How some research is never published.
One issue that you will hear us gripe about here (and try to find a solution for) is the lack of mediums to discuss or publish “non-data”. What i mean by non-data is anything that can’t be published but might be useful. In that list I include hypotheses that were not correct, or data that is unpublishable or unreproducible.
You ask why non-data would ever be published eh ? Well while positive results are great and lead to new avenues, all the negative results help others not waste time doing useless time consuming experiments. Another reason why non-data is important is that your non-data may actually support somebody else’s research (some examples I will get to in another post). The problem is how to organize it, and how to constitute exactly what a piece of non-data entails.
Anyway. on to the meat of this “depressing” story. Let’s talk about Antidepressants
This NYT article describes how some makers of antidepressants didn’t disclose about 1/3 of their drug related studies. This is nothing new for most of us in the scientific field. Many times when we receive funds from biotech firms or pharmaceutical firms to do research there are strings attached. That’s not to say the strings are all bad. The funding is necessary to bring some research into industry but one of the most prevalent string is that the corporation funding a research project usually has the final say on what data can be published, and when. They pay the research, they own the rights, and are accountable to shareholders.

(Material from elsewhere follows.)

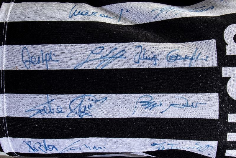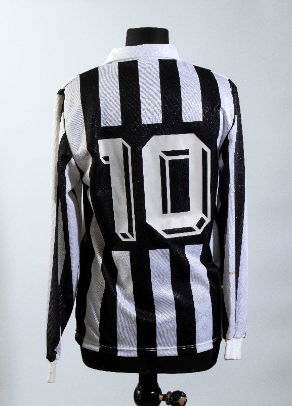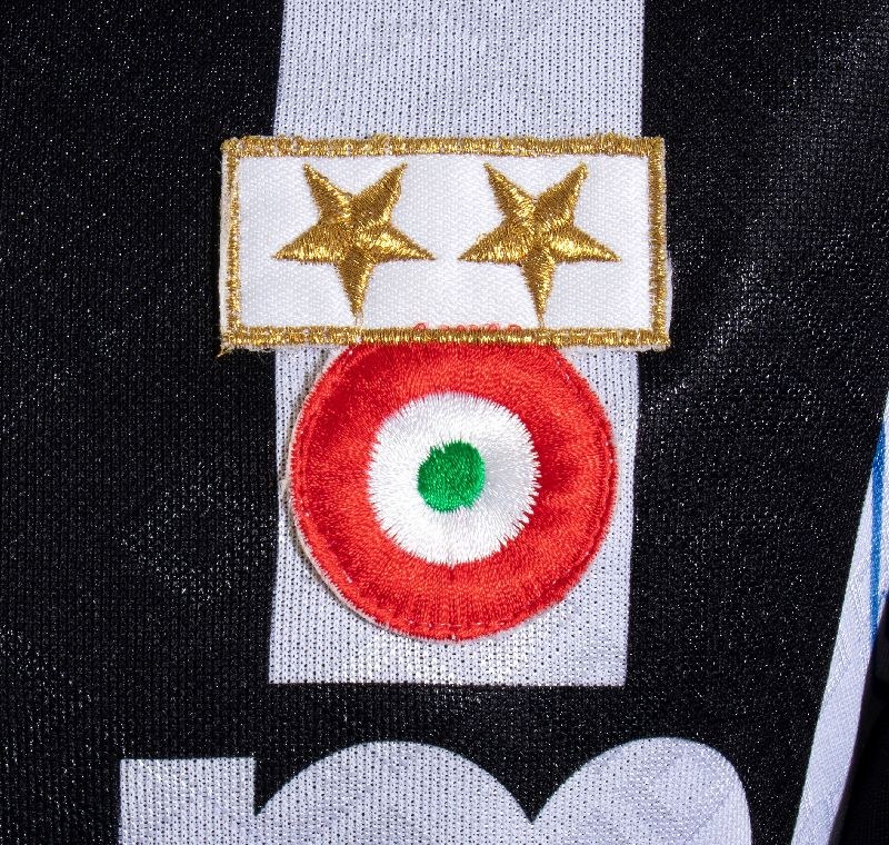 Jersey shirt, UPIM, long sleeves. Kappa label on the inside collar, made in Italy, size L. Light scattered stains/halos not defacing, shirt in excellent conditionCounting 16 autographs of Juventus players, original in blue marker, recognizable Julio Ceasar, Roberto Baggio, Totò Schillaci, Thomas Hassler, Eugenio Corini, Daniele Fortunato, Nicolò Napoli, Giancarlo Marocchi, Stefano Tacconi, Luigi De Agostini, Gianluca Luppi, Pierluigi Casiraghi. Galia. In perfect condition, slight stains on the right sleeve.On the front: UPIM sponsor, Kappa logo embroidered in green, tricolor cockade and band with two sewn stars.On the back: number 10 in sublimationProvenance: private collection, sports journalistAt the buyer's request, the certificate of authenticity can be provided for a fee

Most of the time that is alright, but for drug trials that is another story. When patients are involved it is important to weigh the good aspects of a drug to the bad aspects. Well what if the FDA never sees the really bad data? Can they still make an informed decision on the safety of a drug? I’ll let the public think about that one. To be fair it’s not the FDA’s problem if information doesn’t come their way. There needs to be less ambiguous congressional guidelines set to monitor drug studies either earlier on in the process, or to require full disclosure.